Description of the task: A precise copy of the data is required, with every picture left out.

Available data:

-----

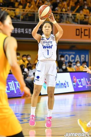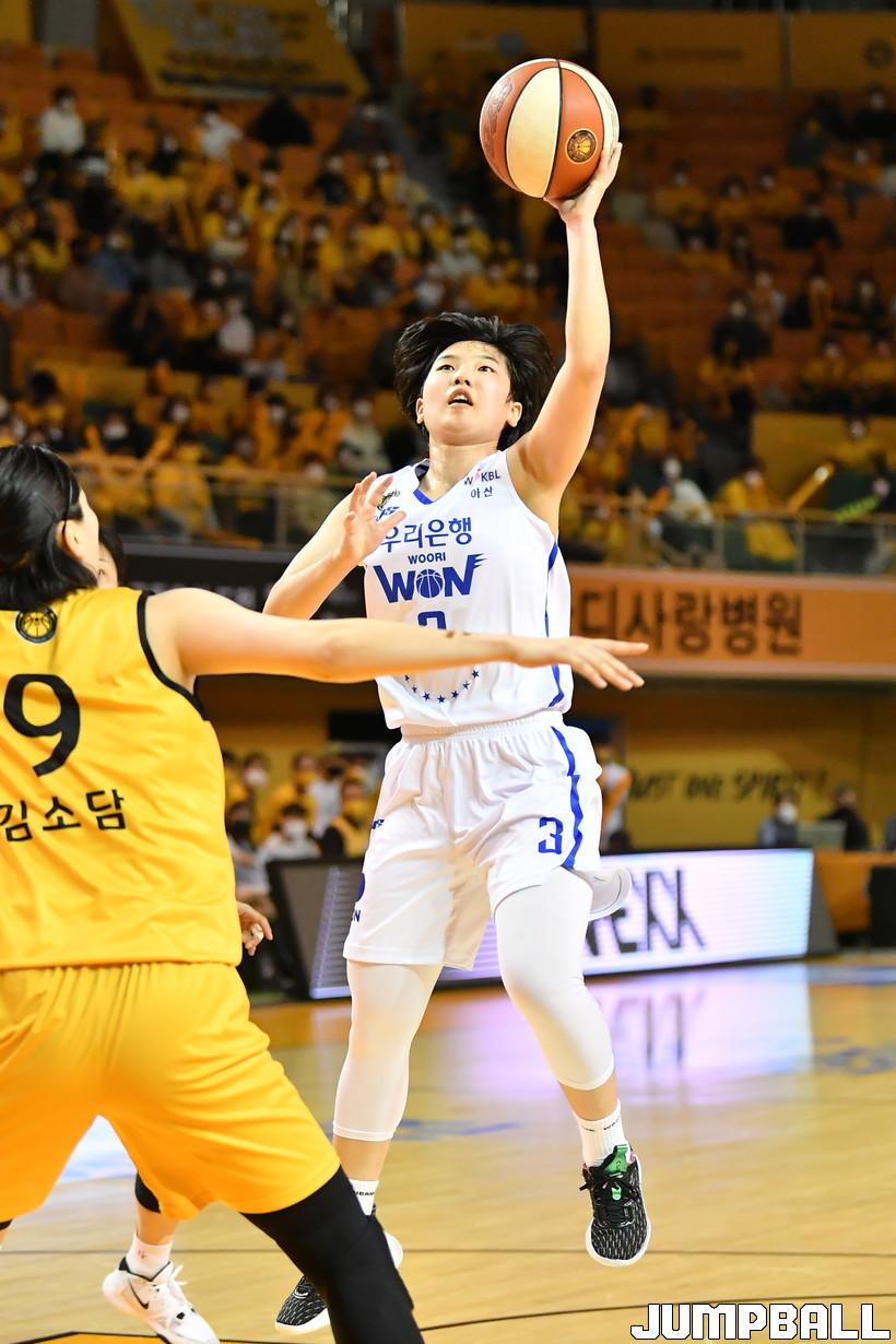 [JB포토] 끝까지 최선을 다해 슛을 시도하는 우리은행 김은선
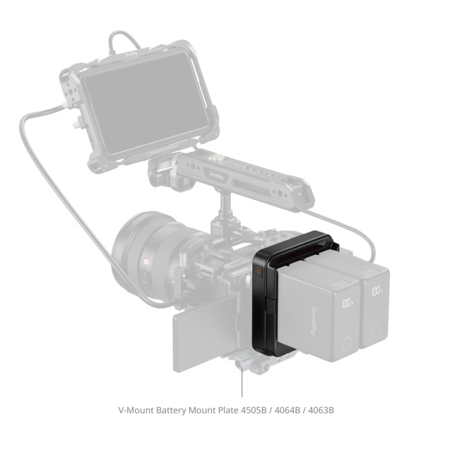 El adaptador se puede montar mediante una placa con fijación en V o los orificios roscados inferiores de 1/4"-20, lo que ofrece opciones flexibles de instalación en rigs, jaulas u otros montajes. Su construcción robusta de PC, aleación de aluminio y acero inoxidable garantiza una larga vida útil en entornos profesionales.
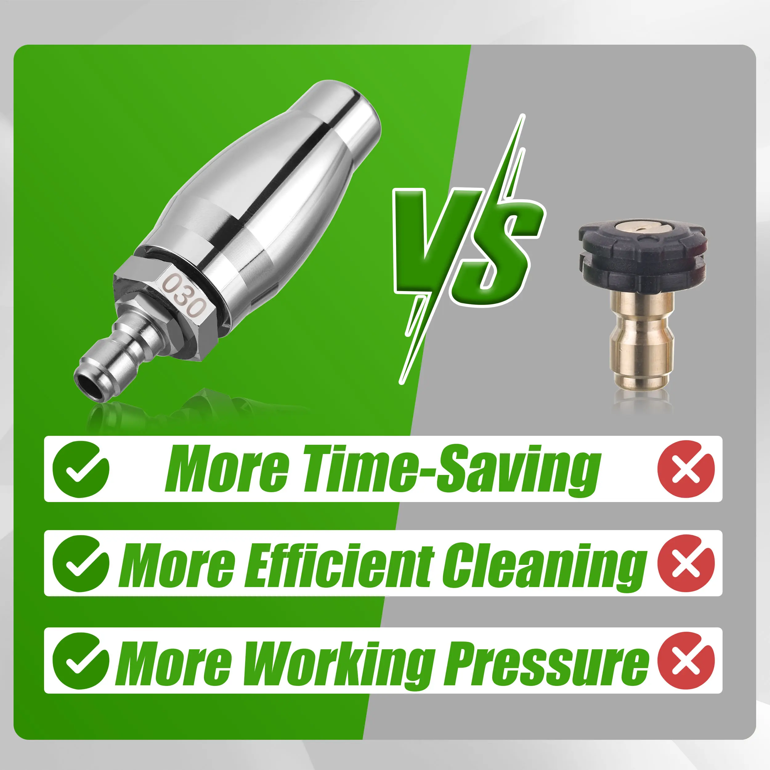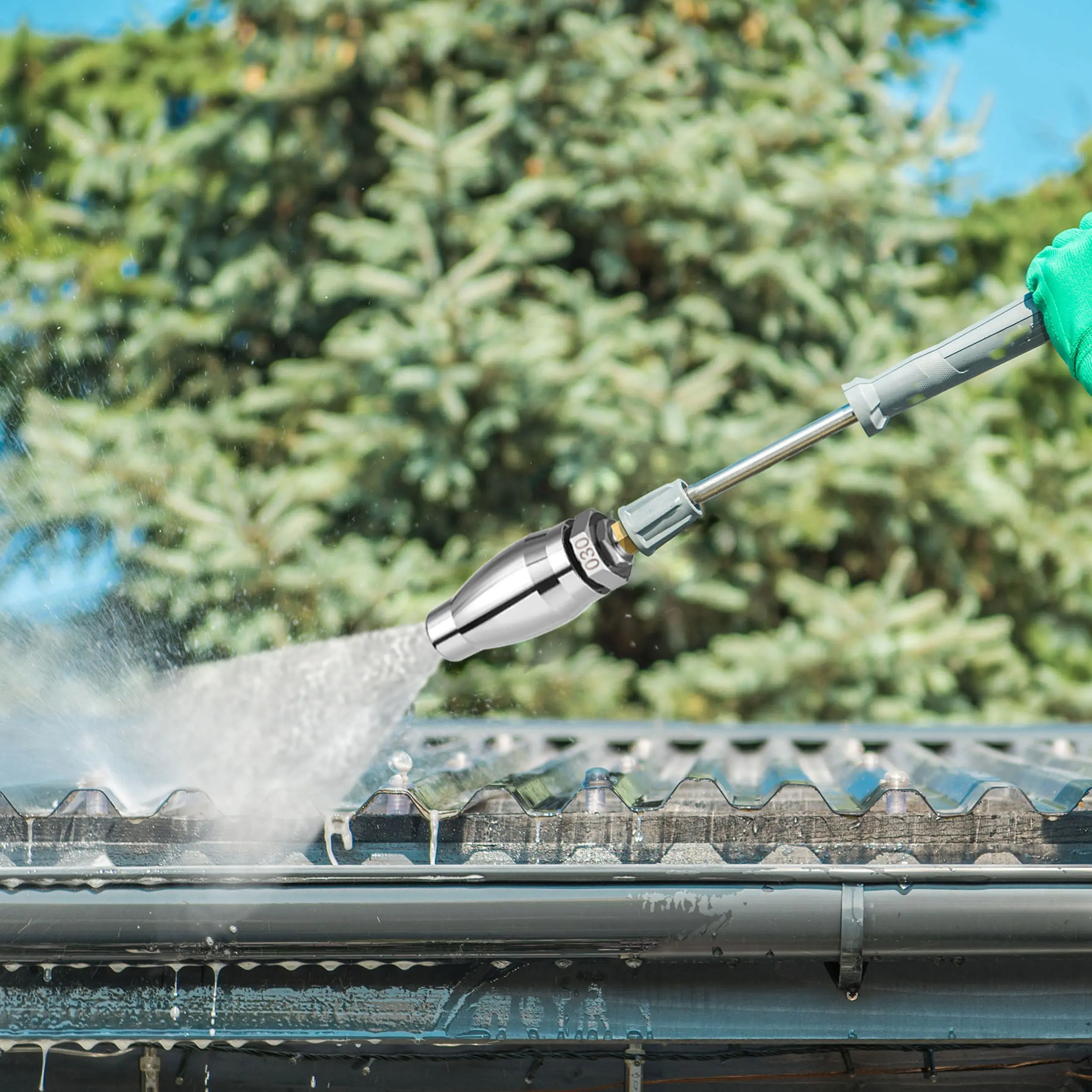 ·STRONGER CLEANING POWER: The newly upgraded stainless steel turbo nozzle pressure washer provides a stronger and faster rotating jet that jets out a much higher flow of water, effectively increasing your efficiency when cleaning dirty floors and heavy soiled areas.

-----

Solution for this task:
 [JB포토] 끝까지 최선을 다해 슛을 시도하는 우리은행 김은선
 El adaptador se puede montar mediante una placa con fijación en V o los orificios roscados inferiores de 1/4"-20, lo que ofrece opciones flexibles de instalación en rigs, jaulas u otros montajes. Su construcción robusta de PC, aleación de aluminio y acero inoxidable garantiza una larga vida útil en entornos profesionales.
 ·STRONGER CLEANING POWER: The newly upgraded stainless steel turbo nozzle pressure washer provides a stronger and faster rotating jet that jets out a much higher flow of water, effectively increasing your efficiency when cleaning dirty floors and heavy soiled areas.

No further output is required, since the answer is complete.